What to do
Leaving all pictures aside, copy exactly the lines from the start of the listing below through the line that contains "[뉴스서울] 제주특별자치도와 제주청년센터(제주TP", and only those lines.

Given data
►

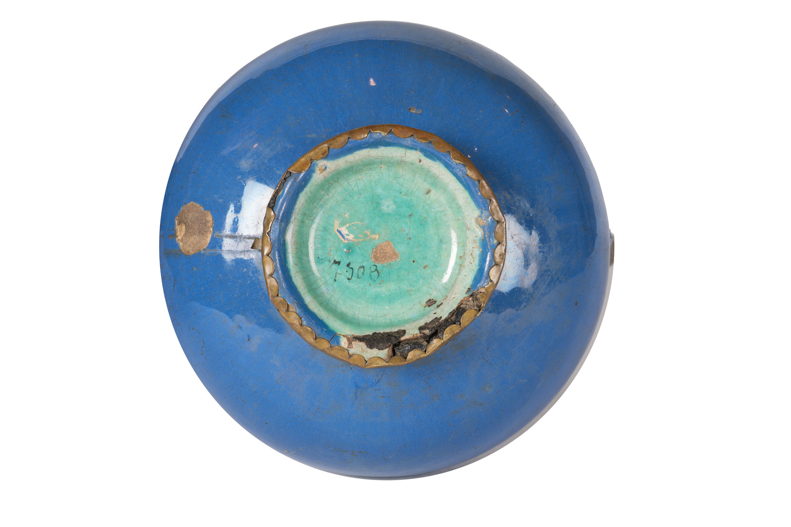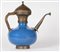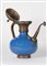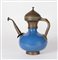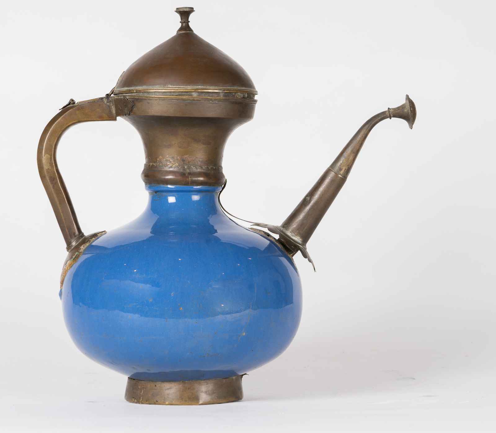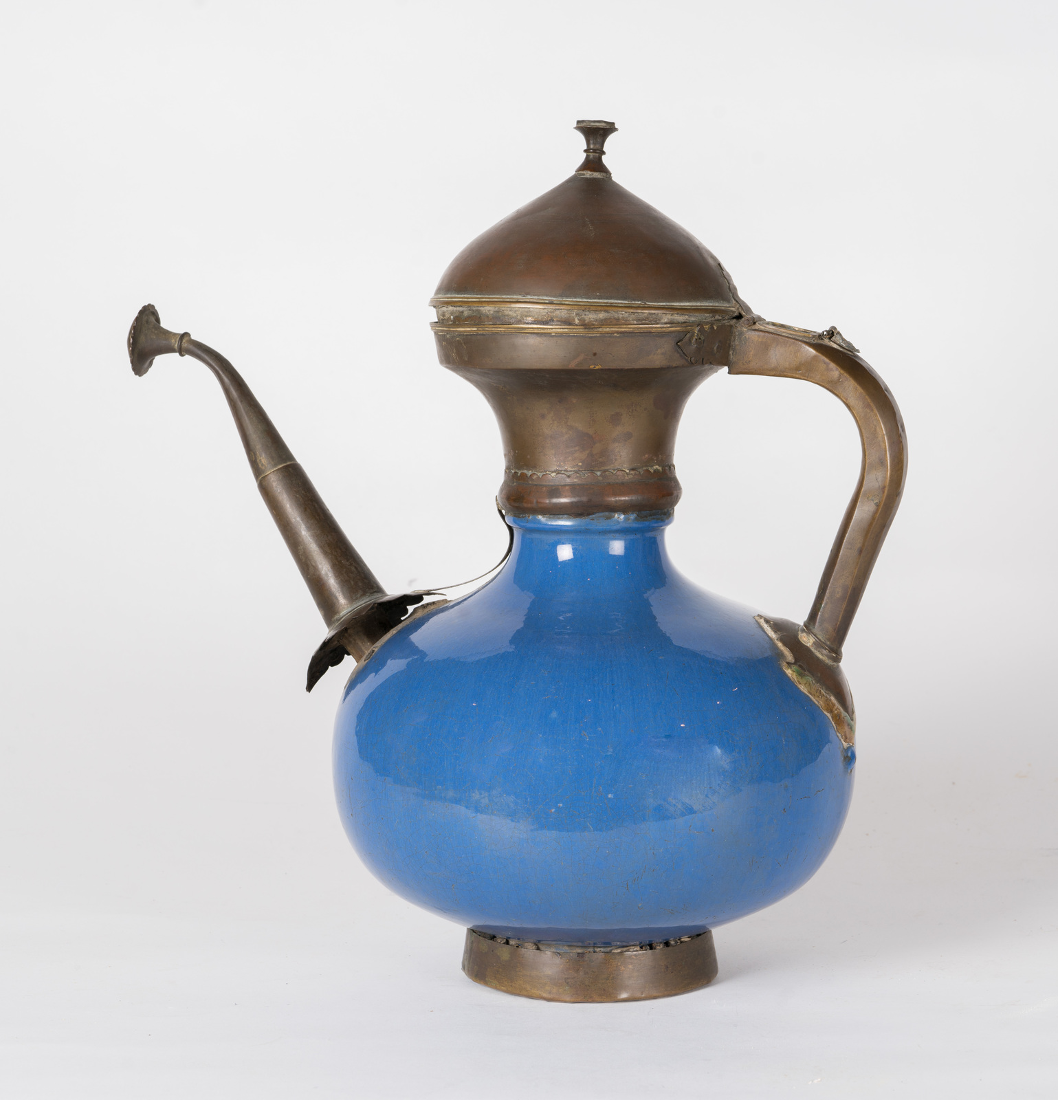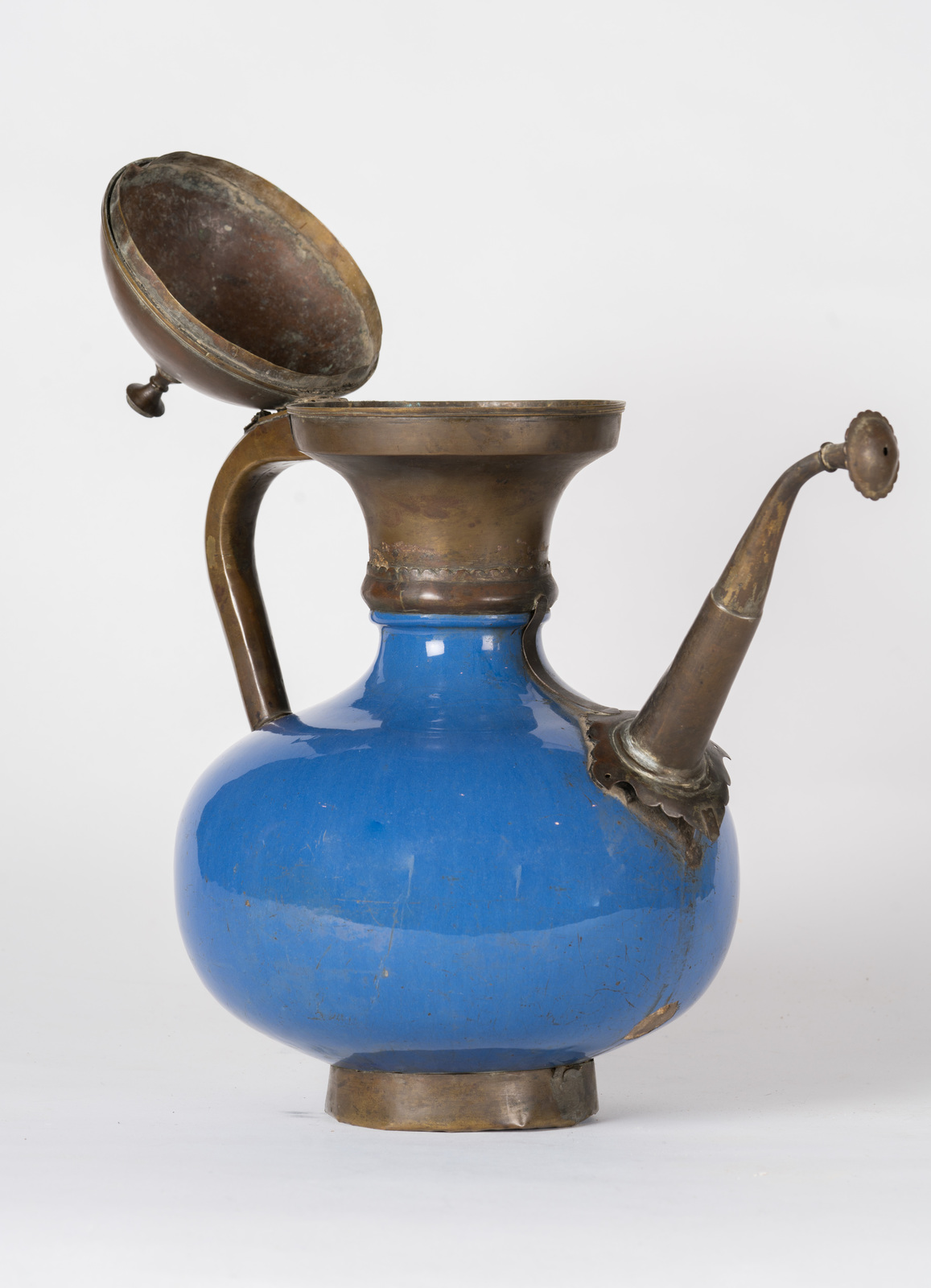 Iran, periodo Safavide, tardo XVII secolo . . Cm 37,00 x 39,00 x 23,00. Poggiante su disco, ampio corpo globulare interamente ricoperto di invetriatura blu lavanda. Il montaggio ottocentesco in ottone, comprendente piede, versatoio, manico e tappo a cupola ha trasformato il vaso in versatoio.
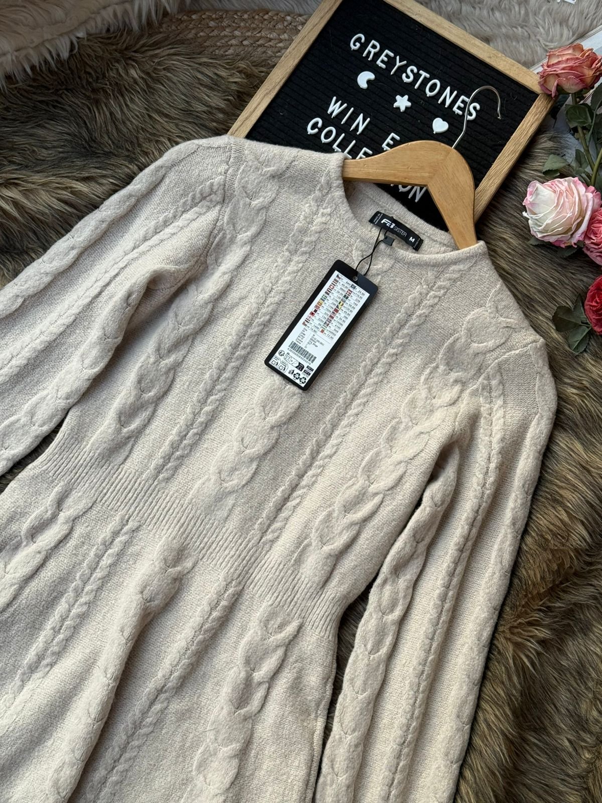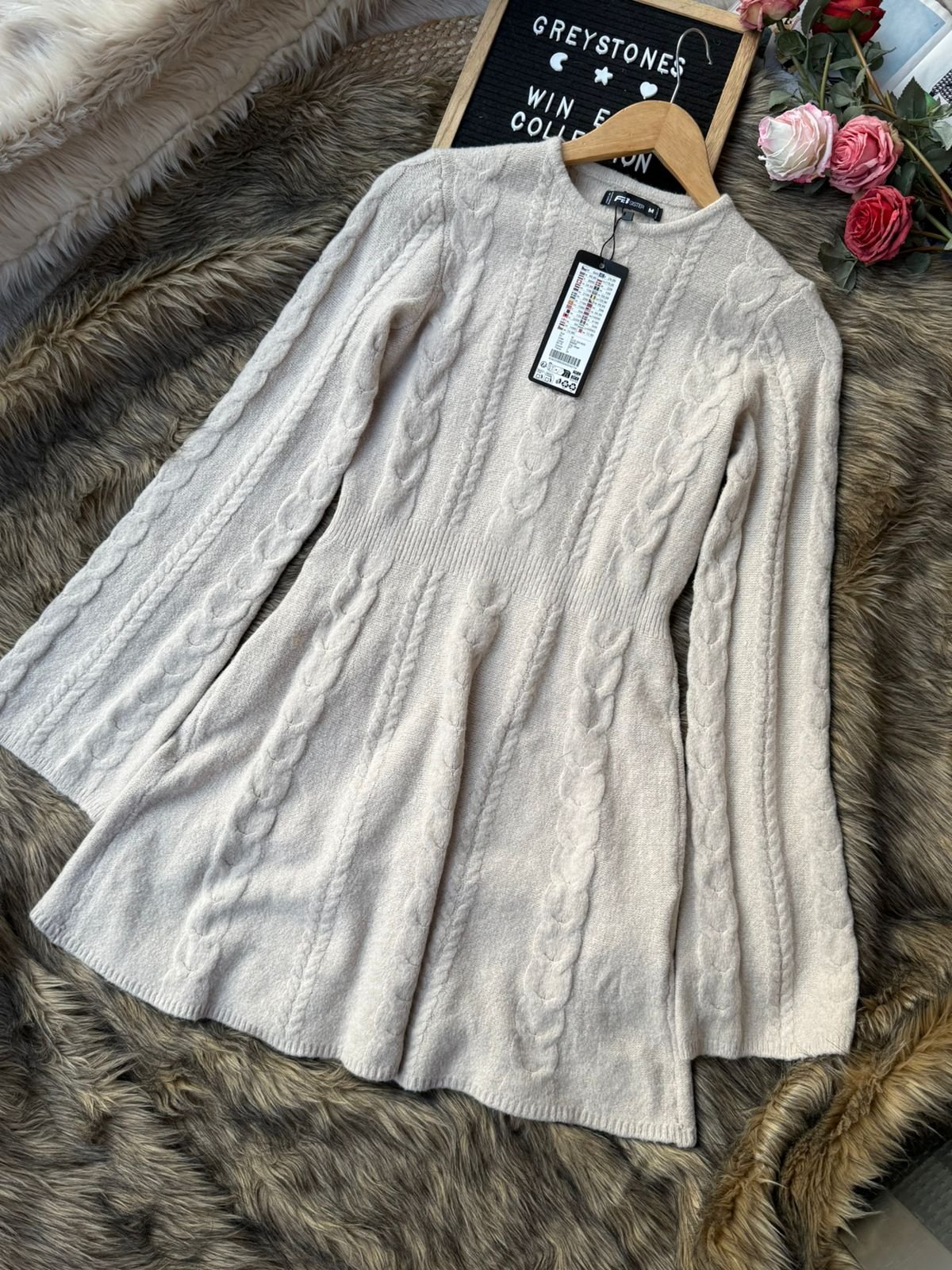 Stay cozy and stylish this winter with our Women’s Beige Cable Knit Sweater Dress. Designed with a soft, warm knit fabric, this dress features a classic cable knit pattern, long sleeves, and a gently flared hem for a flattering fit. The high-quality material ensures comfort and warmth, making it perfect for winter outings, casual wear, or cozy indoor days. Its neutral beige color makes it easy to pair with boots, coats, and winter accessories.
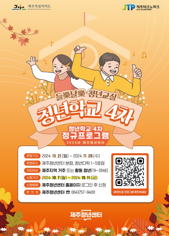 [뉴스서울] 제주특별자치도와 제주청년센터(제주TP 산하)가 10월 7일 부터 10월 11일까지 청년학교 4차 정규프로그램 참여자를 모집한다.
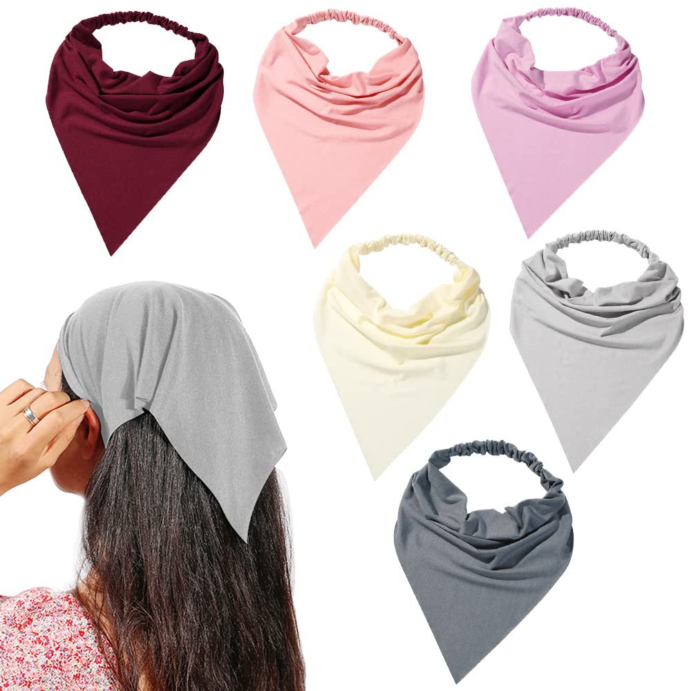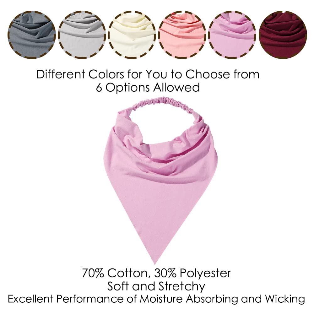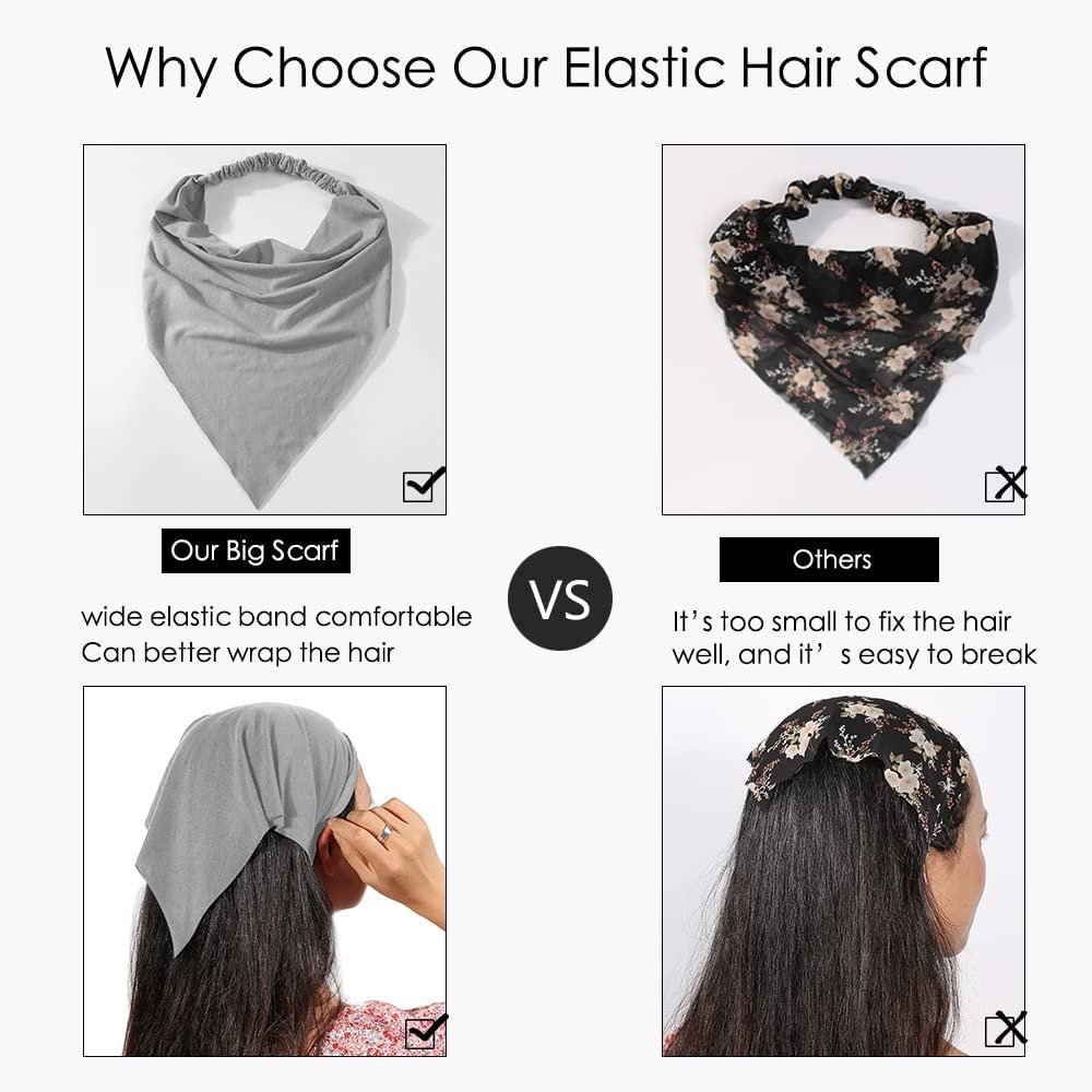 6 Pack Hair Scarf Headband for Women – Elastic Hair Kerchief Large Boho Triangle Bandana Head Scarf with Clips Non Slip Solid Color Headbands Hair Scarves for Teen Girls

◄

Answer for this exercise
 Iran, periodo Safavide, tardo XVII secolo . . Cm 37,00 x 39,00 x 23,00. Poggiante su disco, ampio corpo globulare interamente ricoperto di invetriatura blu lavanda. Il montaggio ottocentesco in ottone, comprendente piede, versatoio, manico e tappo a cupola ha trasformato il vaso in versatoio.
 Stay cozy and stylish this winter with our Women’s Beige Cable Knit Sweater Dress. Designed with a soft, warm knit fabric, this dress features a classic cable knit pattern, long sleeves, and a gently flared hem for a flattering fit. The high-quality material ensures comfort and warmth, making it perfect for winter outings, casual wear, or cozy indoor days. Its neutral beige color makes it easy to pair with boots, coats, and winter accessories.
 [뉴스서울] 제주특별자치도와 제주청년센터(제주TP 산하)가 10월 7일 부터 10월 11일까지 청년학교 4차 정규프로그램 참여자를 모집한다.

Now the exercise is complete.